Land hofft auf mehr Flexibilität bei Windkraft-Vorgaben

Politik / 26.03.2026 • 17:48 Uhr
Land hofft auf mehr Flexibilität bei Windkraft-Vorgaben
Dreht sich auch in Vorarlberg bald etwas? Ein neues Gesetz soll den Ausbau von Erneuerbaren beschleunigen. APA/Techt

Regierung setzt auf Windkraft in allen Bundesländern und plant mehr Tempo bei Genehmigungen und Ausbau – inklusive Strafen, wenn die Ziele verfehlt werden.
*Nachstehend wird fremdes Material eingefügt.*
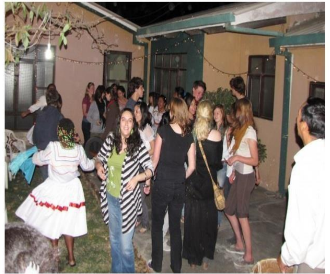
Figure 5: Spectators engage with sayeros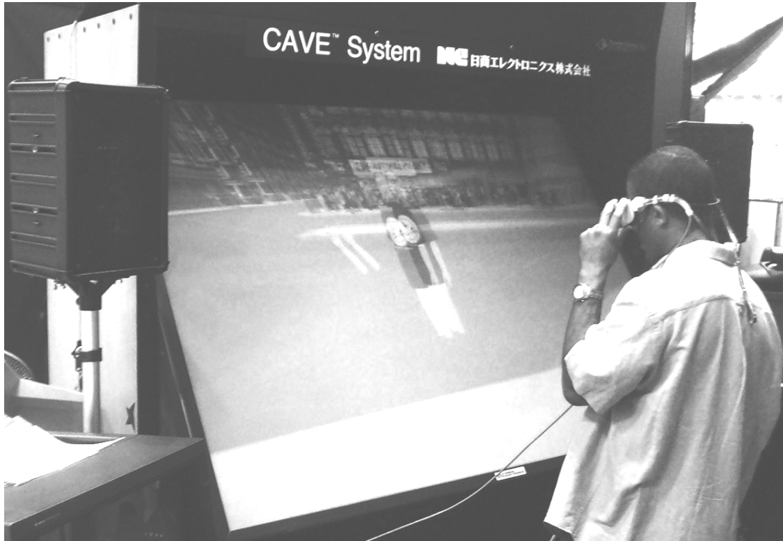
Figure 4. Virtual Harlem on the ImmersaDesk at iGrid

The goal of the Harlem project is to provide an environment that contextualizes the study of the Harlem Renaissance, an important period in African American literary history, through the construction of a virtual reality scenario that represents Harlem, New York, as it existed circa 1925-35. Networked students can navigate through the streets and buildings of Harlem, and see the shops, homes, theaters, churches, and businesses that the writers of the period experienced in their everyday lives. Students can enter the Cotton Club and listen to African American entertainers like Fats Waller or Duke Ellington. They can experience the fact that while the entertainers and servers were African American, the clientele was white. In Virtual Harlem, students can hear the music of the time, watch the dances of the period, and even listen to political speeches of figures like Marcus Garvey or enjoy a poetry reading by Langston Hughes. An instructor at one site can lead students through the environment, explaining things and answering questions, and students can present their own research.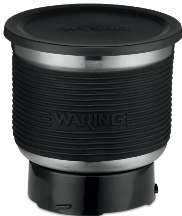
CAC128 Stainless Steel Bowl with Lid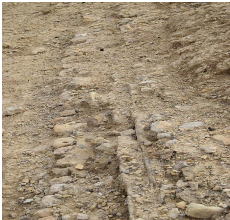
Fig.6: Water channels still visible on the surface of ‘Ain Saleem(waheeb2019)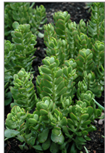
Red Carpet Stonecrop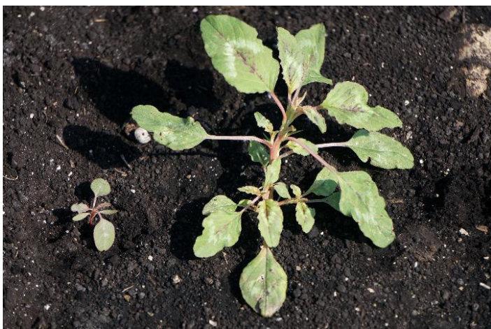
Figure 26. Spiny amaranth seedling (left) and mature plant (right) with spines at the base of leaves.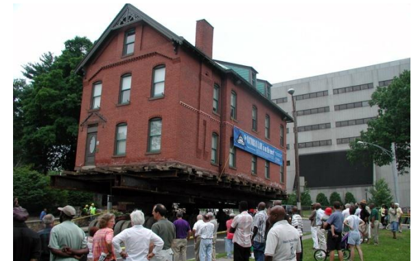
Victorian Home moved to 21 Ashley St

Committee works to improve all modes of transportation and to expand business and employment opportunities for Asylum Hill residents.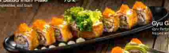
Tuna Salad Inari Maki 75 k Tuna, vegetables, and inari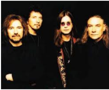
Rock band Black Sabbath (OBJ Black Sabbath)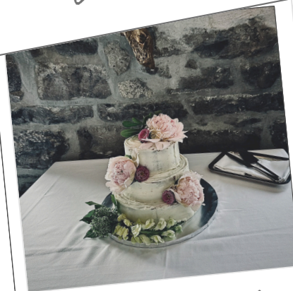
Our wedding cake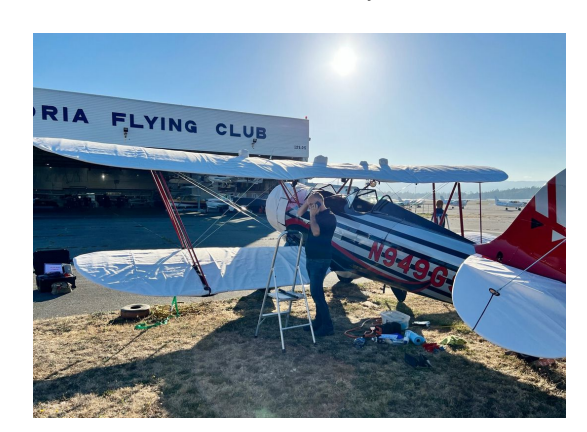
Waco YMF-5 Engine, Extended Canopy, Wing Covers & Horizontal Stab Covers

WINTER USE MATERIAL - Made with Solution-Dyed Polyester fabric, this option is intended for seasonal use to aid in deicing, rain mitigation, or for occasional travel. The material is lighter and more compact, but more susceptible to UV damage and may have a shorter useful life if used continuously outside than the all-year use material.

Text: Julia Schilly-Polozani & Michael Prock

Wien Bis 2030 sollen in jedem Bundesland Windkraftanlagen errichtet werden. Das sieht das neue Gesetz zum beschleunigten Ausbau erneuerbarer Energien (EABG) vor, auf das sich ÖVP, SPÖ und Neos geeinigt haben. Zwar gibt es in den Bundesländern unterschiedliche Voraussetzungen, etwa bei Wasser- oder Windkraft, doch Staatssekretärin Elisabeth Zehetner betont: „Alle Technologien sollen bis dahin in allen Bundesländern vorhanden sein.“

Dabei geht es nicht nur um das Erreichen der Klimaziele. Windkraft wird entscheidend sein, um im Winter unabhängiger von Gaskraftwerken zu werden, die die Strompreise erhöhen. Gerade in den kalten Monaten stellt die Energieversorgung eine besondere Herausforderung dar. Ein breiter Energiemix gilt daher als zentral.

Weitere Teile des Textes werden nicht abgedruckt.